━━ Task inputs

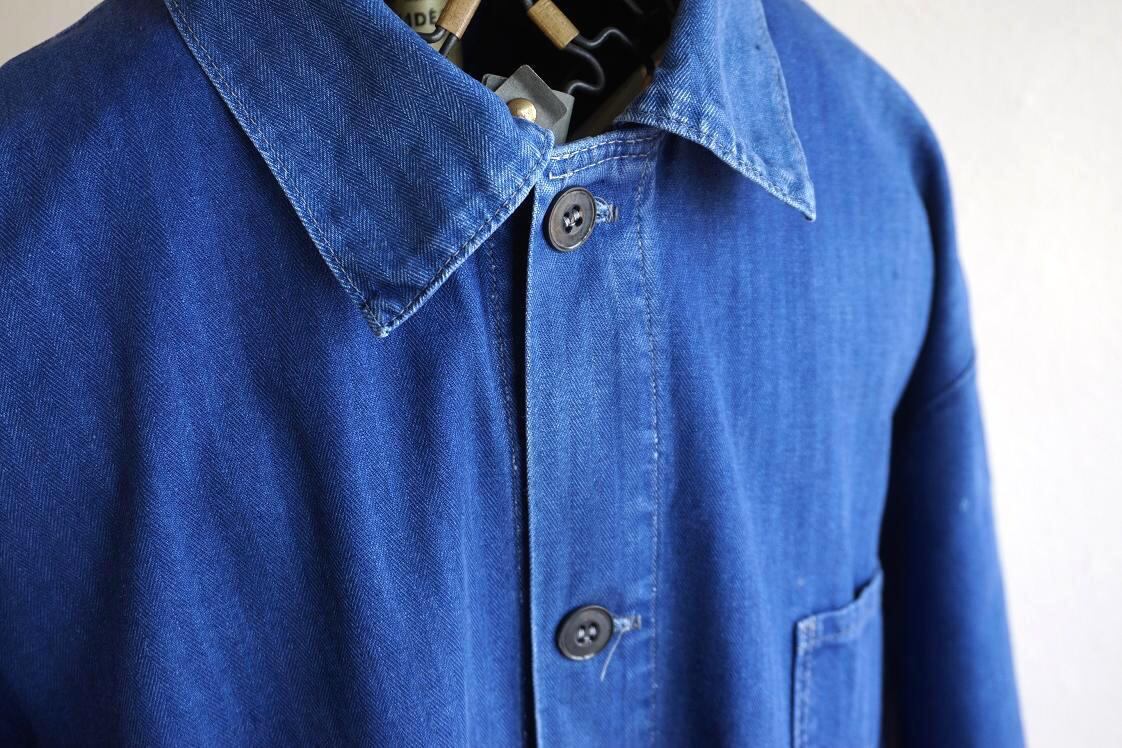 綺麗なアタリ・色落ちが出たヘリンボーンコットンのユーロワークカバーオール。
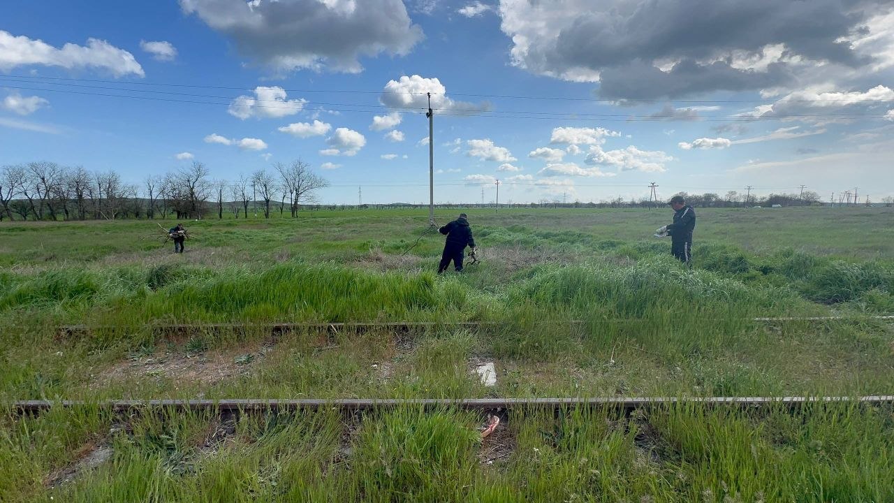 В Керчи продолжается уборка межквартальных пространств. Отдельное внимание уделяется полосам отвода железных дорог.
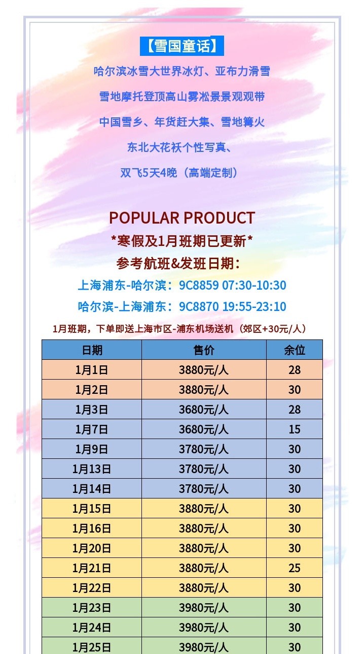 【大交通】上海浦东-哈尔滨,哈尔滨-上海浦东往返机票含税 (准确起飞时间以出团团通知单为准)
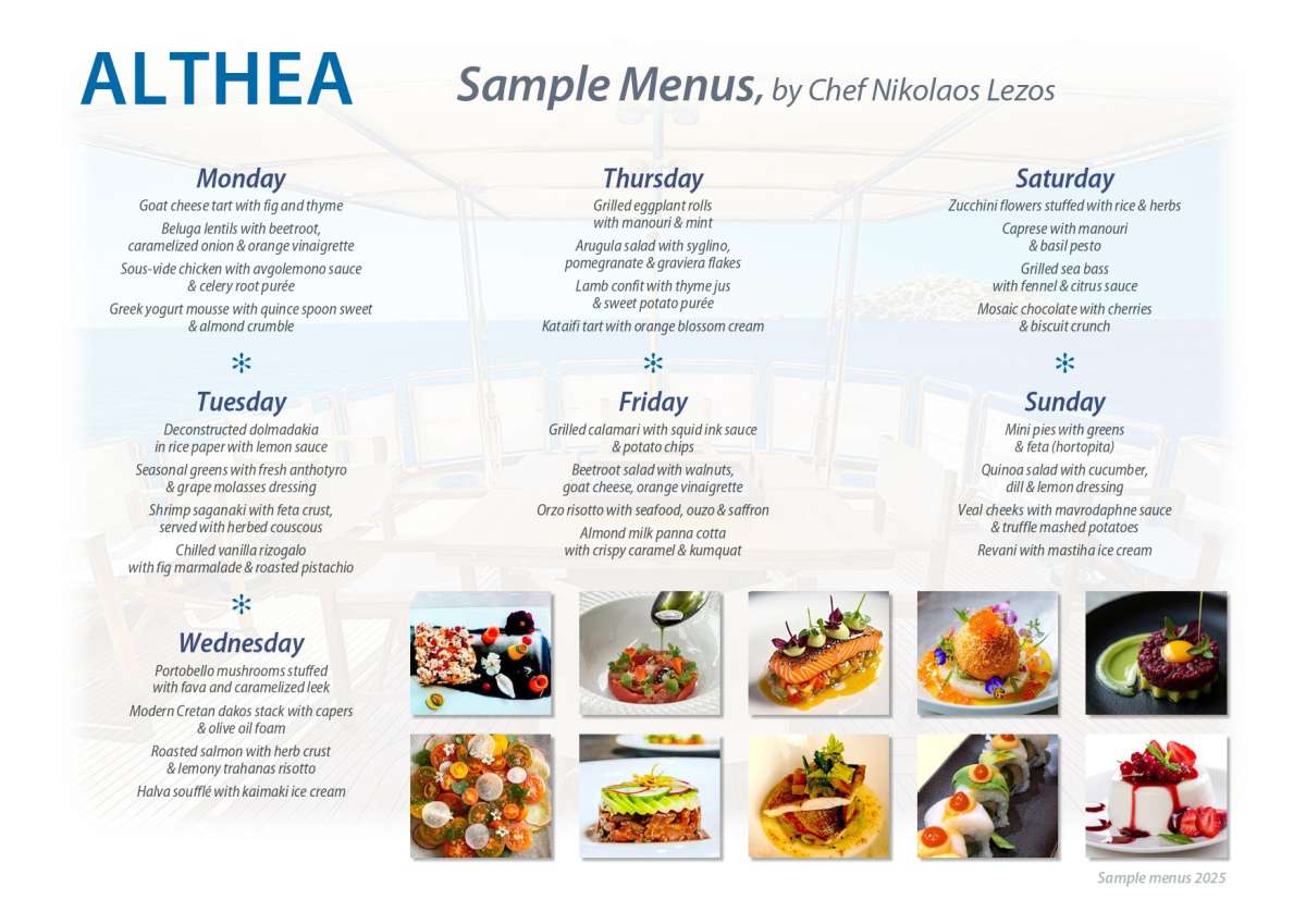 Nikolaos is responsible for the planning and execution of all meals on board, tailored to guest preferences and dietary needs. He manages provisioning, ensures strict hygiene standards, and presents meals with creativity and elegance. He coordinates closely with the stewardess and captain to deliver a seamless dining experience, both for daily service and special occasions.
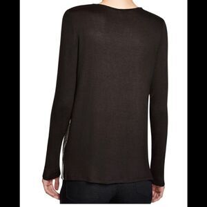 Three Dots Jamie Metallic Stripe Top. Round neckline, long sleeves, striped metallic front. Solid black knitted sleeves and back, pullover style. Fabric Content: Viscose/metallic fibers. Country Of Origin: Made in USA.Product Care: Dry clean. Color: metallic
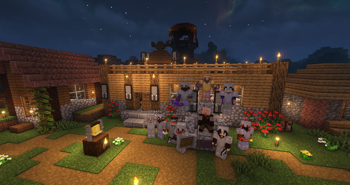 Mit einem Dorfzentrum nur 50 Block entfernt von einem Pillager Dorf und einem Zaun der nur 4 Block entfernt ist von einem Gebäude wurde ein Dorf aufgebaut in dem jeder Job vorhanden ist,.
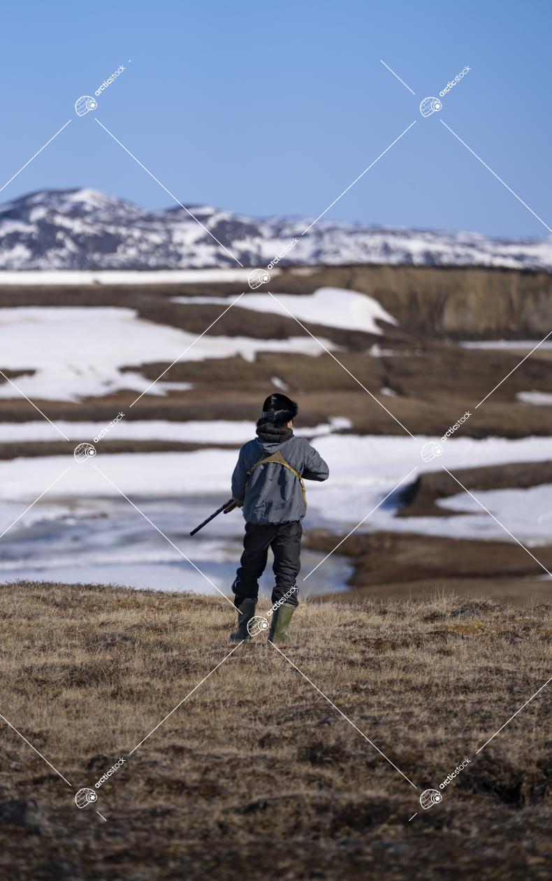 Hunter takes a walk on the freshly thawed arctic tundra during a spring goose hunt.
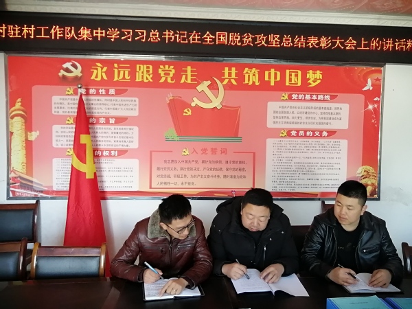 会上,高翔同志领学了习近平总书记在全国脱贫攻坚总结表彰大会上重要讲话精神。全体党员开展了积极讨论,大家一致认为:驻村工作队要根据讲话精神紧紧立足新发展阶段、贯彻新发展理念,坚持把解决好“三农”问题作为驻村工作重中之重,继续发扬决战决胜脱贫攻坚中披荆斩棘、栉风沐雨、钉钉子的精神,敢于啃硬骨头,坚定信心决心,以永不懈怠的精神状态,一往无前的奋斗姿态,真抓实干、埋头苦干、乘势而上、接续奋斗,走中国特色社会主义乡村振兴道路。

━━━━

- Problem to work on
Hand back the records above exactly as they are, pictures excluded.

- Completed exercise
 綺麗なアタリ・色落ちが出たヘリンボーンコットンのユーロワークカバーオール。
 В Керчи продолжается уборка межквартальных пространств. Отдельное внимание уделяется полосам отвода железных дорог.
 【大交通】上海浦东-哈尔滨,哈尔滨-上海浦东往返机票含税 (准确起飞时间以出团团通知单为准)
 Nikolaos is responsible for the planning and execution of all meals on board, tailored to guest preferences and dietary needs. He manages provisioning, ensures strict hygiene standards, and presents meals with creativity and elegance. He coordinates closely with the stewardess and captain to deliver a seamless dining experience, both for daily service and special occasions.
 Three Dots Jamie Metallic Stripe Top. Round neckline, long sleeves, striped metallic front. Solid black knitted sleeves and back, pullover style. Fabric Content: Viscose/metallic fibers. Country Of Origin: Made in USA.Product Care: Dry clean. Color: metallic
 Mit einem Dorfzentrum nur 50 Block entfernt von einem Pillager Dorf und einem Zaun der nur 4 Block entfernt ist von einem Gebäude wurde ein Dorf aufgebaut in dem jeder Job vorhanden ist,.
 Hunter takes a walk on the freshly thawed arctic tundra during a spring goose hunt.
 会上,高翔同志领学了习近平总书记在全国脱贫攻坚总结表彰大会上重要讲话精神。全体党员开展了积极讨论,大家一致认为:驻村工作队要根据讲话精神紧紧立足新发展阶段、贯彻新发展理念,坚持把解决好“三农”问题作为驻村工作重中之重,继续发扬决战决胜脱贫攻坚中披荆斩棘、栉风沐雨、钉钉子的精神,敢于啃硬骨头,坚定信心决心,以永不懈怠的精神状态,一往无前的奋斗姿态,真抓实干、埋头苦干、乘势而上、接续奋斗,走中国特色社会主义乡村振兴道路。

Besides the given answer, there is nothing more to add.